Toutefois les voies commerciales ne sont pas les uniques vecteurs d’introduction que pourrait emprunter une mouche des fruits pour atteindre la Réunion. Si dès leur arrivée sur le territoire, les marchandises importées à titre commercial  sont contrôlées par les services de la DAAF, ce n'est pas le cas des bagages des particuliers débarquant chaque jour par centaines aux aéroports de Saint Denis et de Saint Pierre.

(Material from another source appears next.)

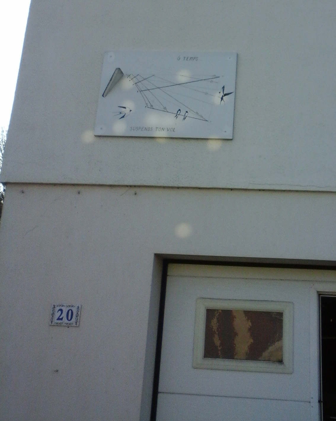 Voir le cadran solaire qui orne les deux étages de la montée d’escalier du Lycée Stendhal à Grenoble. Ce cadran qui est monument historique fonctionne sur le principe du sténopé à réflexion. Deux petits miroirs carrés sont fixés sur les rebords de deux fenêtres voisines et donnent l’heure solaire et la date par une tache de lumière dans l’escalier décoré de façon splendide
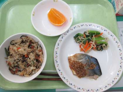 いそおこわ・さばのごまだれやき・おひたし・夢オレンジ・牛乳

Fréquemment pointé du doigt par les experts des agences phytosanitaires, le transport de passager par voie aérienne représente un risque loin d'être négligeable. Rappelons donc, à toute fin utile, que, à la Réunion, l’importation de matériel végétal par des particuliers reste formellement interdite.

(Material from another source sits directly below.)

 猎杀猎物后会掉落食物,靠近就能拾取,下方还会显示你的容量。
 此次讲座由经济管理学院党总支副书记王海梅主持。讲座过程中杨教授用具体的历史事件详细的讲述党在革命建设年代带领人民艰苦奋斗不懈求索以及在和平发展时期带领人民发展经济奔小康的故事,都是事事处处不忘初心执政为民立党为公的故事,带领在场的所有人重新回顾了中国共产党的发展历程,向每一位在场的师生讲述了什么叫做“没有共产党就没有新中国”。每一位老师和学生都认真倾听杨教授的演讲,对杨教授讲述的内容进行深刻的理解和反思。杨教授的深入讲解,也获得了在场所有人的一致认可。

© Bactrocera dorsalis, Antoine FRANCK, CIRAD








Pour aller plus loin :


[1] Agence Nationale de Sécurité Sanitaire de l’alimentation, de l’environnement et du travail.
[2] Un insecte phytophage est un insecte se nourrissant de plantes, dans le cas des mouches des fruits, celles-ci se nourrissent donc de la pulpe des fruits qu’elles parasitent.
[3]  Traitement qui peut être effectué « par la chaleur (vapeur), le froid ou la réfrigération rapide, [et] qui s'est avéré efficace contre les organismes visés sans endommager les fruits, ou, à défaut, à un traitement chimique, y compris par fumigation, accepté par la réglementation communautaire. » Arrêté préfectoral n° 2011 -  001479.
[4] Bactrocera dorsalis, Bactrocera cucurbitae, ou encore Bactrocera invadens sont des espèces connues pour être capable de piquer un grand nombre de fruits différents, ces mouches polyphages présentent donc le risque de causer des dégâts à un plus grand nombre de cultures en cas d’introduction dans un nouvel environnement.
[5] Schutze and all, (2015), Synonymization of key pest species within the Bactrocera dorsalis species complex, Systematic Entomology, 40: 456–471. Lien vers l'article
[6] Sont définis « à risque » les pays hébergeant les espèces de mouches des fruits précédemment citées ou pour lesquels il subsiste des doutes concernant les pratiques phytosanitaires et prophylactiques appliquées.